■ Records from a dataset:
####################
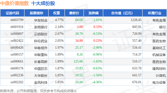 证券之星消息,10月16日,中盘价值(399375)指数报收于5710.93点,跌0.8%,成交530.01亿元,换手率1.24%。当日该指数成份股中,上涨的有37家,潞安环能以3.44%的涨幅领涨,下跌的有59家,华菱钢铁以5.7%的跌幅领跌。
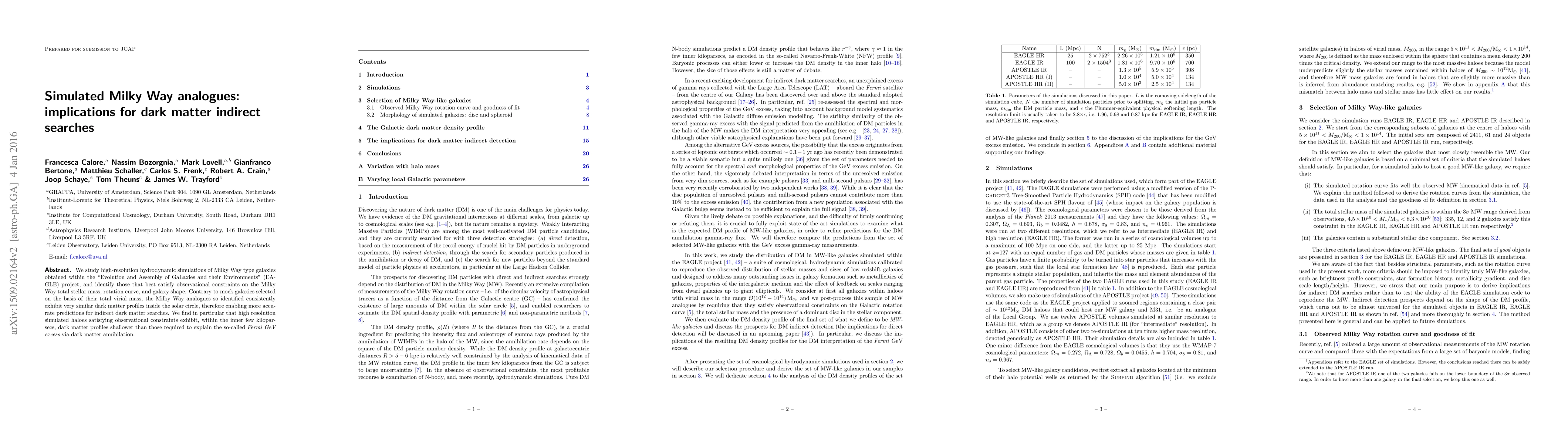 We study high-resolution hydrodynamic simulations of Milky Way type galaxies obtained within the "Evolution and Assembly of GaLaxies and their Environments" (EAGLE) project, and identify the those that best satisfy observational constraints on the Milky Way total stellar mass, rotation curve, and galaxy shape. Contrary to mock galaxies selected on the basis of their total virial mass, the Milky Way analogues so identified consistently exhibit very similar dark matter profiles inside the solar circle, therefore enabling more accurate predictions for indirect dark matter searches. We find in particular that high resolution simulated haloes satisfying observational constraints exhibit, within the inner few kiloparsecs, dark matter profiles shallower than those required to explain the so-called Fermi GeV excess via dark matter annihilation.
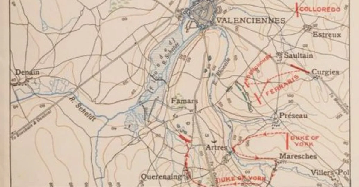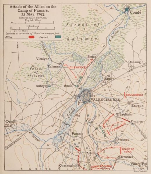 Map showing the Battle of Famars, also showing the woodlands around the towns of Raismes and Vicoigne, where the Battle of Raismes was fought between Coalition and French forces on 8 May 1793. From John Fortescue's History of the British Army Volume IV - Maps and Plans, 1915.
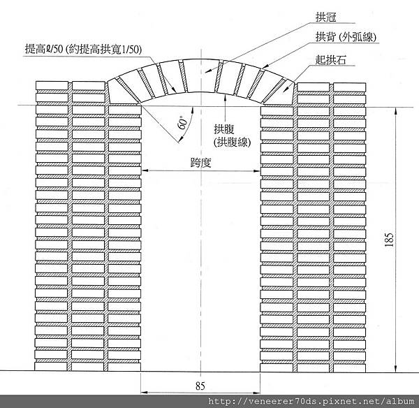 拱 背 : 為拱最外之弧面,此弧線稱為拱背線或外弧線。
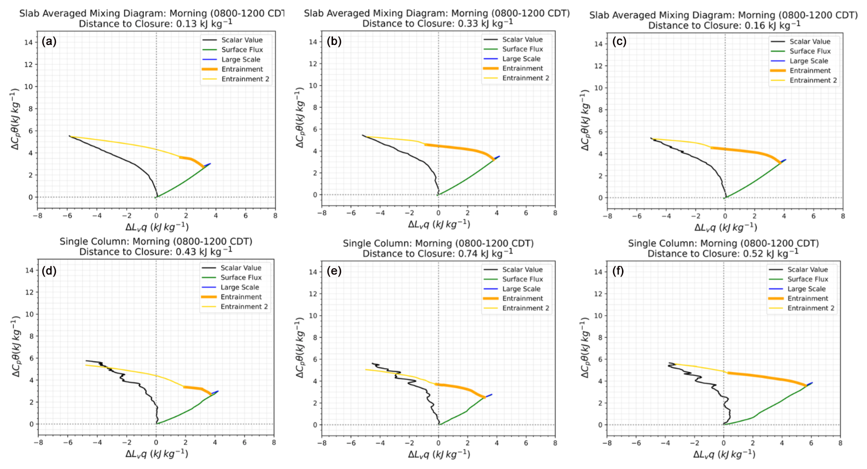 Figure 4Mixing diagrams for the morning (08:00–12:00 CDT) of 8 August 2017 at SGP, comparing the impact of three different BL depth definitions: the level of neutral buoyancy of a surface-based parcel of air (a, d), the maximum humidity variance (b, e), and the minimum potential temperature flux (c, f), for the slab output (a, b, c) and the single-column output (d, e, f).
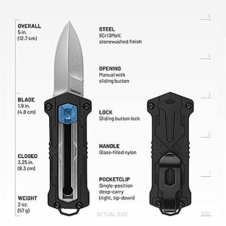 About this item:- The Kershaw Kapsule is a compact and portable 1.9-inch blade made with 8Cr13MoV Steel, boasting a single-edge.
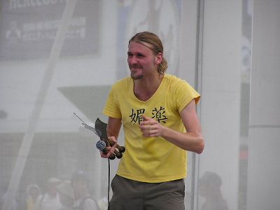 素人をステージに上げて剣を投げる。日本語の喋りが面白かった。
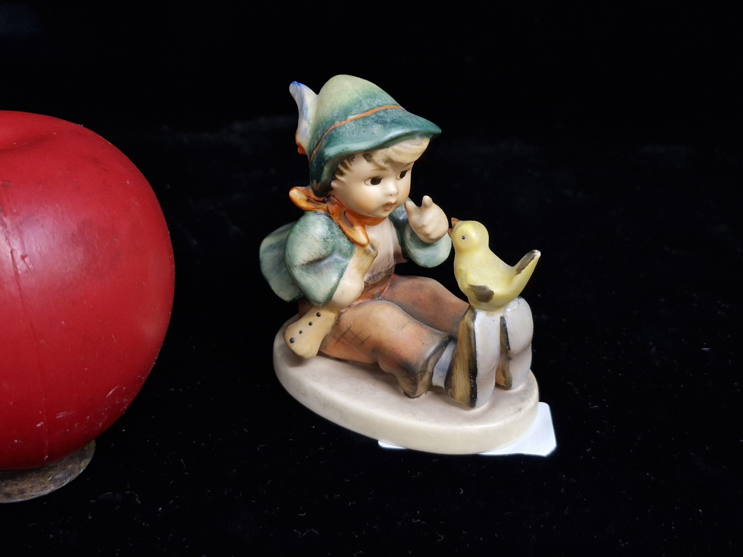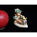 A super sweet vintage Hummel Goebel West German ceramic figurine titled 'Singing Lesson'. Features small boy teaching a bird to sing. In good condition. Small repair to bird sitting on shoe but almost not noticeable.
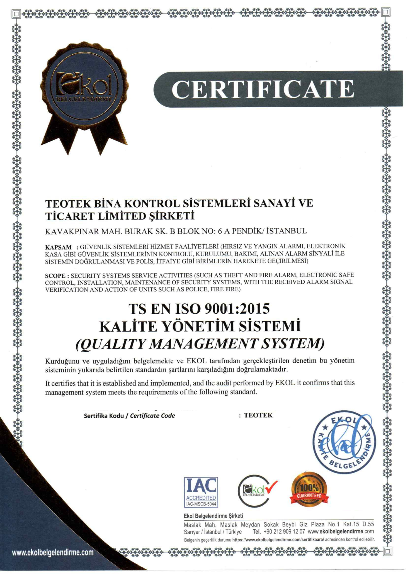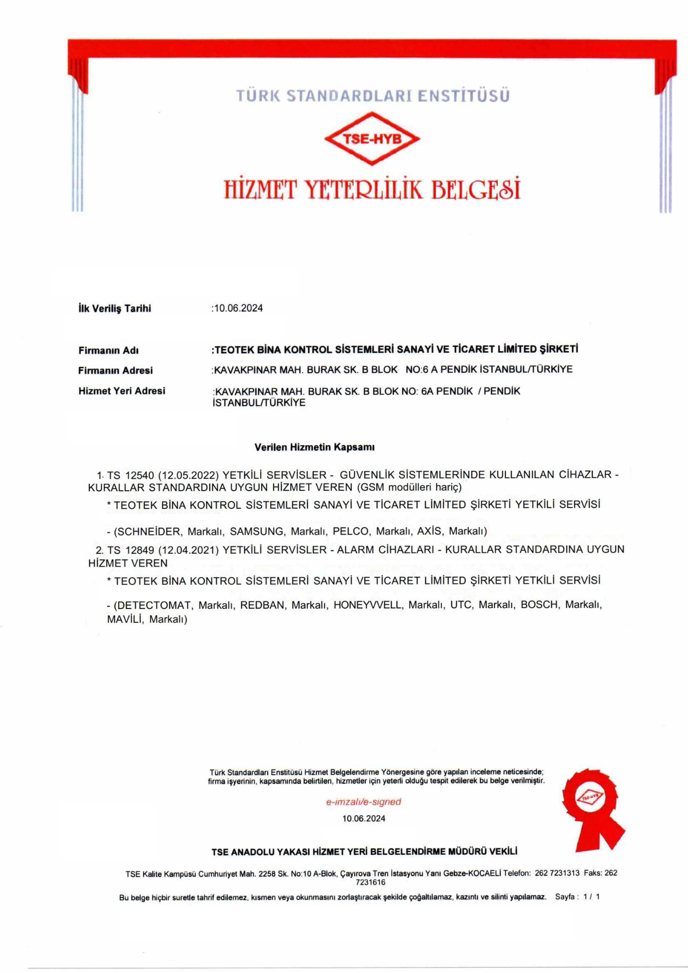 Teotek Elektronik Güvenlik Sistemleri çeyrek asırlık tecrübesini çeşitli sertifika programları dahilinde güçlendirip müşterilerine kaliteli hizmeti hedefler.
####################
Your task is to transcribe, exactly and without additions, every line from the one that contains "Map showing the" to the end of the entries above, both included. Omit all pictures.

■ Solution to the exercise:
 Map showing the Battle of Famars, also showing the woodlands around the towns of Raismes and Vicoigne, where the Battle of Raismes was fought between Coalition and French forces on 8 May 1793. From John Fortescue's History of the British Army Volume IV - Maps and Plans, 1915.
 拱 背 : 為拱最外之弧面,此弧線稱為拱背線或外弧線。
 Figure 4Mixing diagrams for the morning (08:00–12:00 CDT) of 8 August 2017 at SGP, comparing the impact of three different BL depth definitions: the level of neutral buoyancy of a surface-based parcel of air (a, d), the maximum humidity variance (b, e), and the minimum potential temperature flux (c, f), for the slab output (a, b, c) and the single-column output (d, e, f).
 About this item:- The Kershaw Kapsule is a compact and portable 1.9-inch blade made with 8Cr13MoV Steel, boasting a single-edge.
 素人をステージに上げて剣を投げる。日本語の喋りが面白かった。
 A super sweet vintage Hummel Goebel West German ceramic figurine titled 'Singing Lesson'. Features small boy teaching a bird to sing. In good condition. Small repair to bird sitting on shoe but almost not noticeable.
 Teotek Elektronik Güvenlik Sistemleri çeyrek asırlık tecrübesini çeşitli sertifika programları dahilinde güçlendirip müşterilerine kaliteli hizmeti hedefler.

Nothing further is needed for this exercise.